There is a lot to think about. When I have interviewed AMHPs for my own research, all of this has been discussed in many different ways. Crucially, there are many similarities with the things that are important (in terms of what works and what is difficult) for people with lived experience of assessment and detention. Time as a resource, for example. One thing in particular that stuck in my mind was one AMHP who asked ‘What are we? Who are we for?’ It’s a question of cosmic proportions. AMHPs’ invisibility and feelings of being misunderstood are all around us. When I spend time speaking to groups of AMHPs or people with lived experience of AMHP work, there is reflection, contemplation, complexity, richness and depth. Sometimes it’s passed on like folklore to others, but more often it stays in the room, diffuses and disappears. Where do we capture all this? Where do we share this? How do we start to explain what we are, what we do, who we are for? How do we begin to make sense of, and put a name to, some of our daily experiences? How do we manage service users’ as well as our own distress and moral or psychological injury?
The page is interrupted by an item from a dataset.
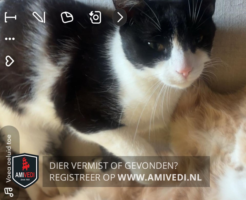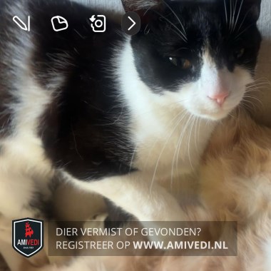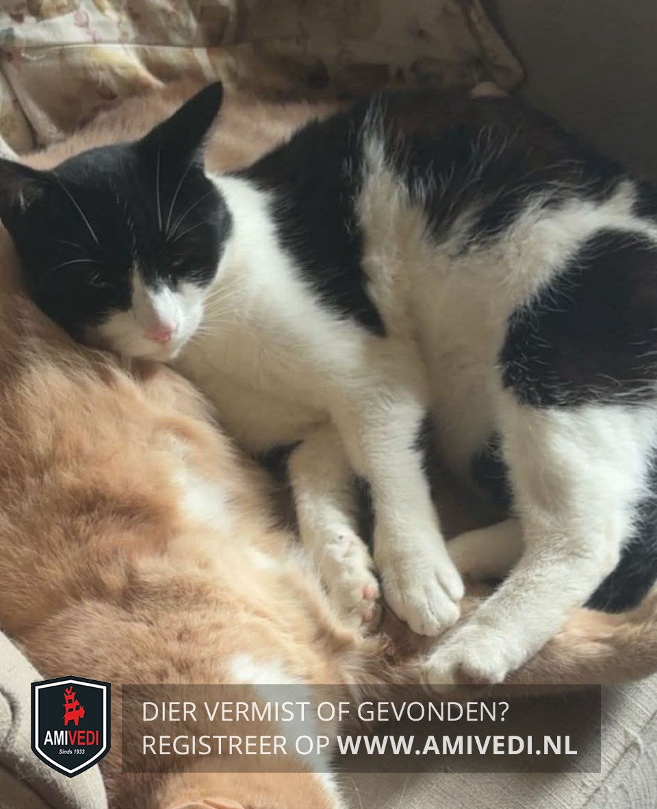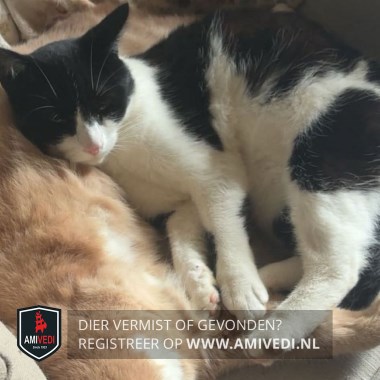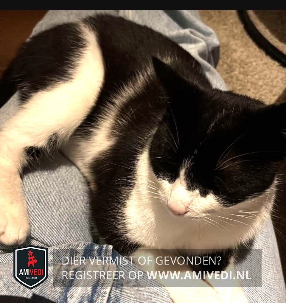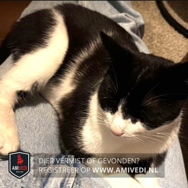 Signalement | Zwart met wit snoetje, een roze neusje witte borst, kraag, witte buik en witte poten en is klein en jong. |
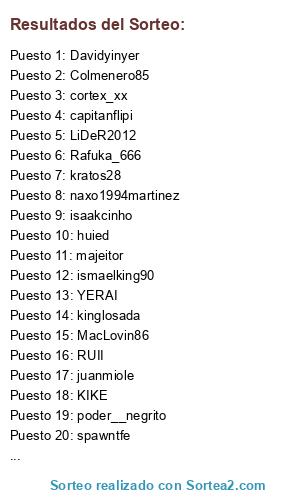 Lista de participantes: LiDeR2012, Davidyinyer, Colmenero85, romapro, kratos28, majeitor, poder__negrito, MacLovin86, Juanma, capitanflipi, ismaelking90, cortex_xx, huied, juanmiole, Rafuka_666, kinglosada, spawntfe, YERAI, RUII, KIKE, naxo1994martinez, isaakcinho.

AMHP work is often described as being a ‘political activity’, mainly around the rights-based, justice-focused aspect of the work. But perhaps we need to be more activist? AMHPs’ social perspectives are often aligned with a critical, if not any-psychiatry, position. We could reflect on Helen Spandler’s (2016) concerns that psychiatric abuse has been over-emphasised at the expense of psychiatric use, and a new phase of resistance is borne of a recognition of a shift to ‘psychiatric neglect’. This means demanding better psychiatric services and real alternatives. It seems like a good time for AMHPs to embrace a critically reflective approach and to explore each and every one of these practice dimensions (and their challenges) in detail. This way, AMHP practice becomes a form of practice wisdom and artistry that we can articulate well.
These are just my thoughts, but I don’t want to be a lone voice. I’d like to have AMHP colleagues to share these reflections with. One thing I’m sure about, though, is that the AMHP role is far more than a narrow, legalistic role and this needs to be embraced and nurtured – by our own community of AMHPs and by people who experience them.